Another notable difference is that the mortgage amount you can apply for depends on the rent amount you plan to charge. The last difference is the amount of your initial deposit. Buy-to-let mortgages need larger deposits than ordinary mortgages.

Betting Against the Housing Market

Betting against the Housing Market refers to investing in a way that allows you to make profit if the stock market or certain security loses value. This implies that you get your investment returns when the value of the stock market falls. However, this also means that you will lose money if the stock market rises.

A common way you can bet against the Stock Market is by a method called Short Selling. This method entails borrowing shares from a person, selling those shares immediately, and promising to return the shares to your borrower at a future date. If the value of shares decreases between the period you sold the shares and when you have to return them, you can purchase the shares at a lower price and keep any extras. However, if the value of the shares increases, you will have to pay for the extra cost, thereby losing money.

Spread Betting on Property Prices

Spread Betting is different from the conventional view on betting. In this type of betting, you bet your money to support your belief that a particular market will move in a specific direction over a short or long period of time. When you participate in spread betting in the property market, you can use your money to predict and support the future price movements in the Property Market.

Essentially, Spread Betting on property prices allows you to gain exposure to a market without buying or committing yourself to any particular property. It is a good option for investors who are not willing to stake a considerable amount of cash bets upfront. Here, you have to predict accurately if the price of a certain property will rise or fall over a certain period of time. If you guess right, you win big on your bet and if you bet wrong, you can lose a lot of money.

There are also no sure guarantees of the outcome. Investors make a stake per point of the property index movement. One notable attribute of Spread Betting is that its rules are not as stringent as purchasing a house. All your profits are tax-free, and you do not need the interference of a solicitor or a stamp duty.
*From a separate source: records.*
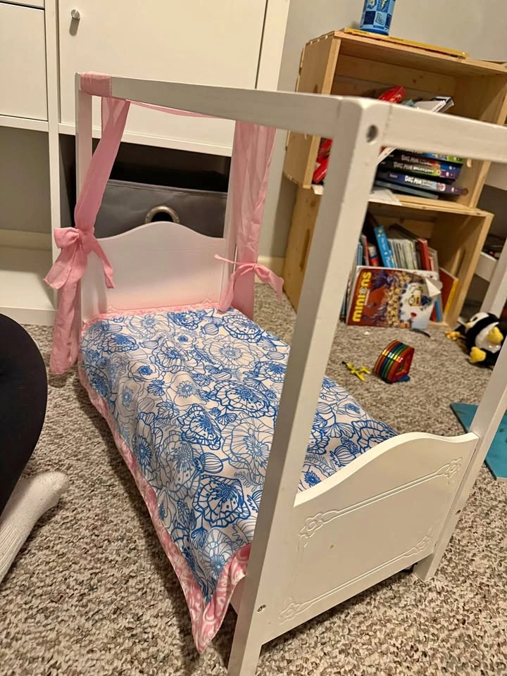 OG doll bed. Fits American doll. Wooden doll bed. We love this bed, but have grown own of the doll phase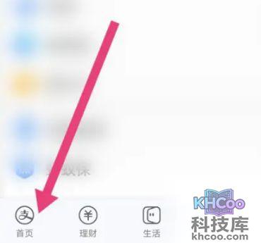 打开手机支付宝,点击左下角的首页。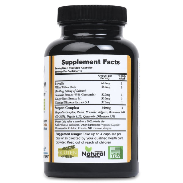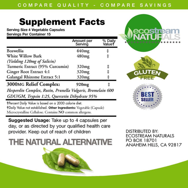 Soothing reactions come from with Ecostream Naturals All Natural Inflam Assist Ease Turmeric Curcumin Plus Maximum Support 3000 mg Gluten Free 60 Count Supplement Pills. Formulated with turmeric curcumin and Boswellia, it also contains ginger, white willow bark, galangal rhizome extract, botanicals and enzymes. This natural dietary supplement is free of any fillers. The gluten-free supplement offers a natural alternative. Take these turmeric curcumin capsules as part of your daily routine. Four capsules make up one serving size totaling 3000mg, which is the recommended daily amount. Consult with your doctor to meet your specific requirements. Safe and effective, the natural dietary supplement is suitable for day or night. It comes with 60 capsules per bottle, so you have enough to last for weeks. To experience optimal benefit from this Turmeric supplement, incorporate exercise, rest and follow a healthy diet. This product is a suitable choice for vegetarians. 'Turmeric-Curcumin', and 'Unisex'. Ecostream Naturals All Natural Inflam Assist Ease Turmeric Curcumin Plus Maximum Support 3000 mg Gluten Free 60 Count Supplement Pills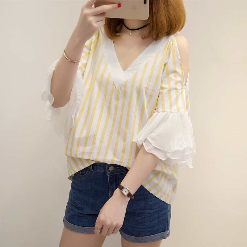 / 夏裝新款女荷葉袖露肩白t恤女半袖寬松條紋bf風小清新上衣女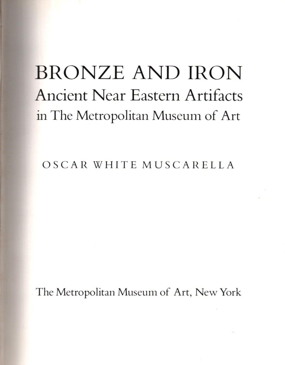 Oscar White Muscarella´dan ithaflı ve imzalı BRONZE AND IRON (Ancient Near Eastern Artifacts in The Metropolitan Museum of Art), New York - 1988, 501 sayfa, 22x29 cm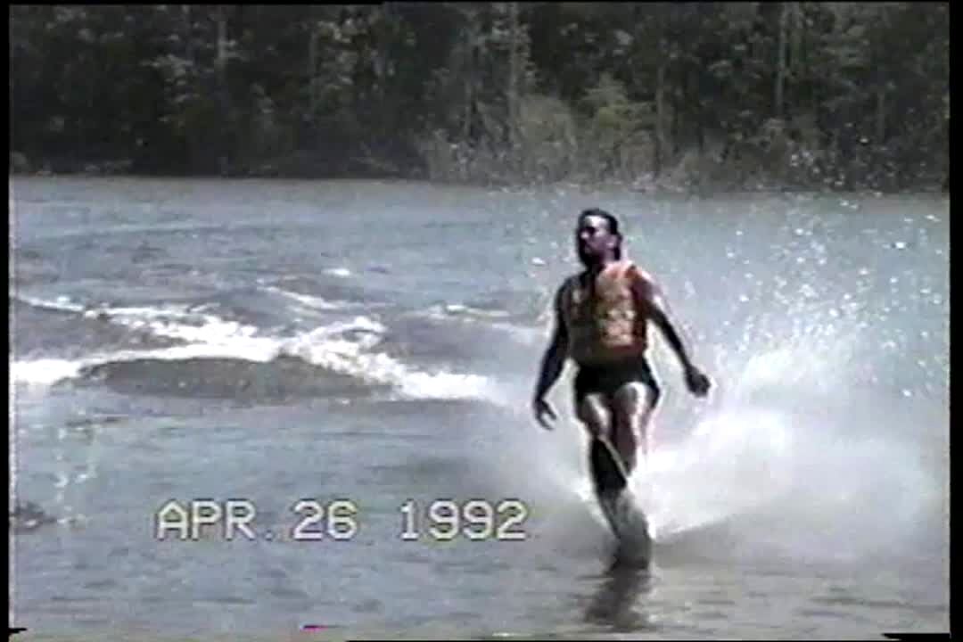 A man gets on rope swing, breaks tree trying to swing into lake. Man and tree fall into water.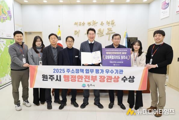 원주시는 최근 행정안전부가 주관한 ‘2025 주소정책 성과 공유 워크숍’에서 주소정책 업무 평가 우수 기관으로 선정돼, 행정안전부장관 표창을 수상하고 특별교부세 4천만 원을 확보했다.
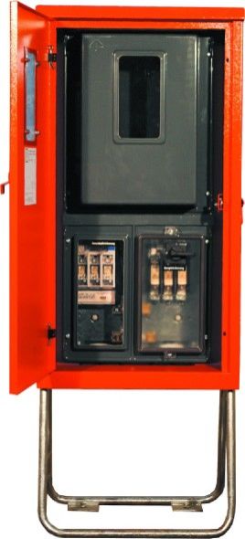 Gehäuse aus verzinktem Stahlblech mit schwenkbaren Traggriffen, verschließbar mittels Vorhängeschloss (bauseits), Lackierung RAL 2004 orange, Fußgestell feuerverzinkt mit Befestigungslaschen für Erdnägel. Lieferung erfolgt einschl. Sicherungszubehör und Fußgestell

Conclusion: The Forms of Gambling in the Property Market

There are primarily three forms of gambling in the Property Market. Like any other type of investment, each of them involves a level of risk. In the Buy-to-Let Property Market, you purchase a property for the purpose of renting it out to people. When you bet against the Housing Market, you only make profits when the Market loses value. This means that you lose money if the market appreciates in value. With Spread Betting on Property Prices, you predict the direction of the price of a property in the market without accepting the underlying security.